Each node in the cluster functions the same. The node that you connect to when making a query becomes the 'coordinator node'. Nodes that get written to in a statement are called 'replica nodes'.

Single data center consistency options:

Option	Description
`ONE`	Write/read succeeds after writing/reading data to/from a single node.
`TWO`	Write/read succeeds after writing/reading data to/from two nodes.
`THREE`	Write/read succeeds after writing/reading data to/from three nodes.
`QUORUM`	Write/read succeeds after writing/reading data to/from a majority of the available nodes.
`ALL`	Write/read succeeds after writing/reading data to/from all of the available nodes.
`ANY`	Write/read succeeds after writing/reading data to/from any of the available nodes (including just making it to the coordinator node).

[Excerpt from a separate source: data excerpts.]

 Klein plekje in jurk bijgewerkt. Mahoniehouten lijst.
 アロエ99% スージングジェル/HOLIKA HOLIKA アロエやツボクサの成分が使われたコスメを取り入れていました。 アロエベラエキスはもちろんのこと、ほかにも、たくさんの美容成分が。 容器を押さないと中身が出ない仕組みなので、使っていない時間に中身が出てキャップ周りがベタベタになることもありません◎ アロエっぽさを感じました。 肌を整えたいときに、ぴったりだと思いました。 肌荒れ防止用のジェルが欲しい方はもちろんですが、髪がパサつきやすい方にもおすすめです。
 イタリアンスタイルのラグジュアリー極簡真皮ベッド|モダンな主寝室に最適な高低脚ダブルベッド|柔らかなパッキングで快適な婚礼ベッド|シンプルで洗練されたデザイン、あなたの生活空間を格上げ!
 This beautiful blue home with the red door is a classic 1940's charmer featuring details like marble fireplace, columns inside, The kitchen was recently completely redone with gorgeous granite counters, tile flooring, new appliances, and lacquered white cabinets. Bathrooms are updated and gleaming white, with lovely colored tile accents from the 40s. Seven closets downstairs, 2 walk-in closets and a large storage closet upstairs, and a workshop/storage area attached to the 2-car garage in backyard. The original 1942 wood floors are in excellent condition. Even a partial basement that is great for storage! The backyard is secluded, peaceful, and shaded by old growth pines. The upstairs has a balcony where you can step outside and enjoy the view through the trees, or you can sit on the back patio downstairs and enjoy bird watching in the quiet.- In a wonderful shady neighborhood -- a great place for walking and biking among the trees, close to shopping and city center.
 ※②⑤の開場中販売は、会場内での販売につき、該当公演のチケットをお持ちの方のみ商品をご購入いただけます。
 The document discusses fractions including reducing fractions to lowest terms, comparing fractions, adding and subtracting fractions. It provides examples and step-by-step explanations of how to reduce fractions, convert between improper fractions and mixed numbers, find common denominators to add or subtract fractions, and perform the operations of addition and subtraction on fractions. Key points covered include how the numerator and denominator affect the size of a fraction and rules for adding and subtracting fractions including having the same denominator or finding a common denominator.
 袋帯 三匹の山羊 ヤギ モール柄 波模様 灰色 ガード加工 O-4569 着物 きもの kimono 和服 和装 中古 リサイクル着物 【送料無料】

Multiple data centers consistency options:

Option	Description
`EACH_QUORUM`	A quorum succeeds in each data center before returning success
`LOCAL_QUORUM`	A quorum succeeds in the data center that contains the coordinator node.
`LOCAL_ONE`	Same as ONE, but only looks in the data center of the coordinator node.

If a node is down when a write occurs so that the node misses data, the data will be repaired during a read.

To see what the default consistency is, run consistency;

To set the default consistency to use from the command line, use consistency <level>; e.g. consistency quorum;

If the consistency required cannot be achieved, the read or write will fail.

Batches

A batch is not a transaction - it does not have rollback support. A batch does guarantee that every command in the batch will be executed. Batches are useful for keeping related data in sync.

BEGIN BATCH

INSERT INTO

tombstones

When something is deleted in Cassandra, a tombstone is created. The tombstone is treated just a like a write, so that nodes that are down can be repaired. When the node that was down when the delete occurred comes back online, the normal read repair process will update the node with the tombstone.

Tombstones are automatically garbage collected on a configurable interval (default is 10 days). It is important not to clean up tombstones too quickly, because if the tombstones are removed, and then a node that was offline when the tombstone was created comes back online, the the read repair will restore the data from the node that was offline when the delete occurred, making it so that the data that was supposed to be deleted comes back into the database.